Corkboard or Storyboard: For this method you will need either Post-Its or flash cards (or just little squares of paper). I like to use different colored Post-Its so I can visually organize the beginning, middle, and end of my story. Starting with the lightest color (or just any piece of paper if you prefer) jot down any scenes that you would like to put in the beginning of the book and post it to the board. It doesn’t have to be detailed, just brief ideas and descriptions.


On the next row down, using a slightly darker shade of paper, jot down scenes that you would like to see in the middle of the book and post them on the board.


Shift down another row and take an even darker shade of paper and begin writing down scenes for the end of the story and post it to your board.
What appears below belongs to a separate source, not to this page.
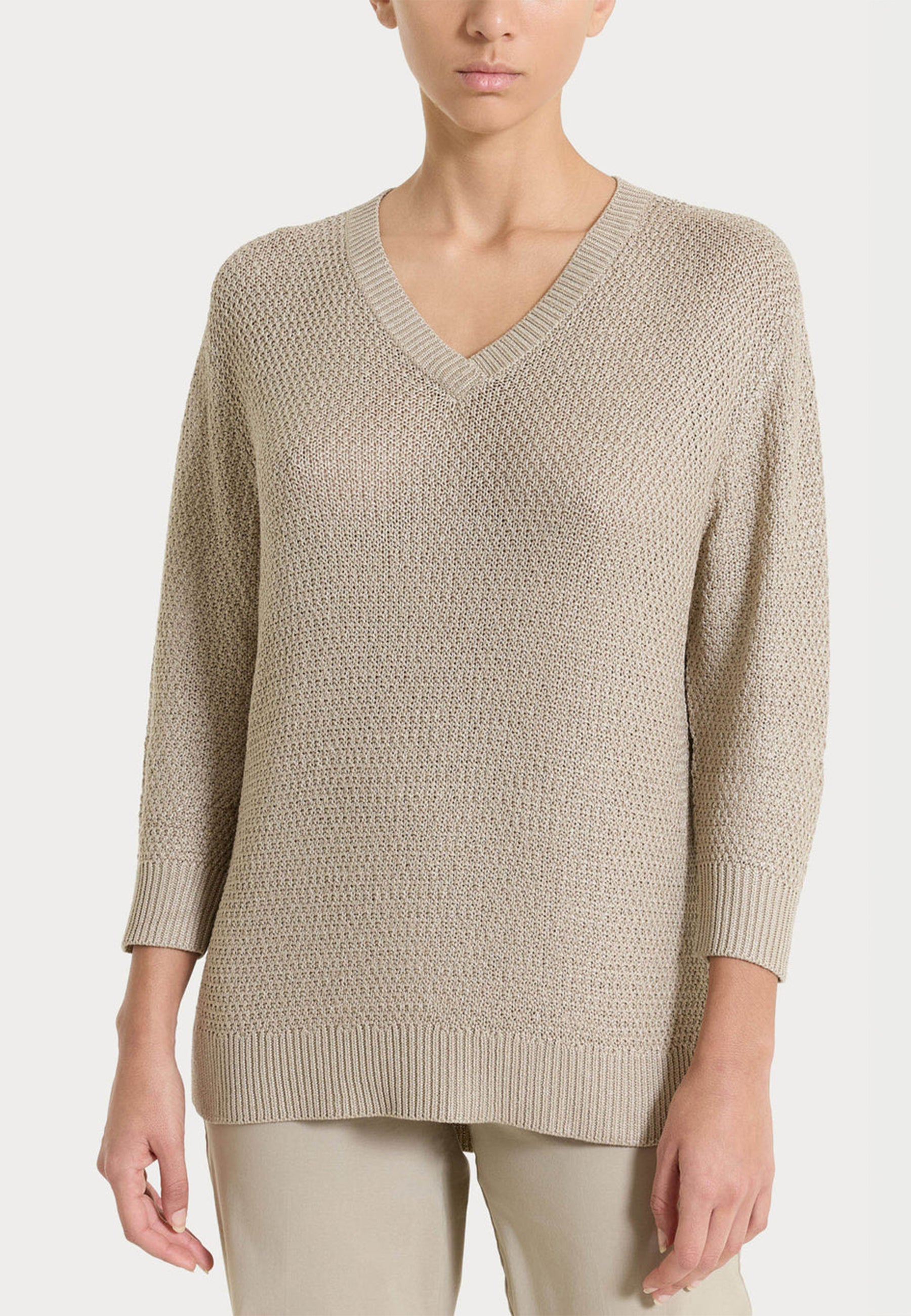 Maglia donna estiva Ragno con scollo a V e lavorazione con inserti lurex, ideale per uno stile leggero e curato.

With this method you can physically move scenes around, add or delete scenes, and even place plot twists, pinches, or hooks in between with another color of paper. This method will not only help you to visualize your story but it gives you the ability to physically rearrange scenes or entirely cut a scene from your story.


A couple questions to keep in mind when you analyze your scenes are Does this scene push my story forward? and Does this scene contain conflict?




Three Act Method

The next method is called the Three Act Method, or 3 Acts 9 Blocks 27 Chapters.

3 Acts : This is a very old method of writing that Aristotle originally developed. It is a very helpful way to organize your story based on set up, conflict, and resolution. Here is the breakdown:

Act 1 (Beginning) – Set up > Introduce your main character and the ordinary world they live in. Conflict > A problem disrupt’s main character’s life. Resolution > Main character’s life is changed and they are pushed into a new world.

Act 2 (Middle)- Set up > Main character experiences new world. Conflict > Main character encounters a crisis in the new world. Resolution > Main character is dedicated to solve the crisis.

Act 3 (End) –Set up> Main character faces trials. Conflict> Main character has to find the power within and take action. Resolution> Main character fights and wins.

You can further break each act into blocks with essentially 27 chapters as follows:

Act 1 1. Introduction (Set Up) 2. Inciting Incident (Conflict) 3. Immediate Reaction (Resolution) 4. Reaction (Set Up) 5. Action (Conflict) 6. Consequence (Resolution) 7. Pressure (Set Up) 8. Pinch (Conflict) 9. Push (Resolution) Act 2 10. New World (Set Up) 11. Fun & Games(Conflict) 12. Old Contrast (Resolution) 13. Build Up (Set Up) 14. Midpoint(Conflict) 15. Reversal (Resolution) 16. Reaction (Set Up) 17. Action(Conflict) 18. Dedication (Resolution) Act 3 19. Trials (Set Up) 20. Pinch(Conflict) 21. Darkest Moment (Resolution) 22. Power Within (Set Up) 23. Action(Conflict) 24. Convergence (Resolution) 25. Battle (Set Up) 26. Climax(Conflict) 27. Resolution (Resolution)

Hopefully these methods come in handy. If you have a different method that works really well for you please share.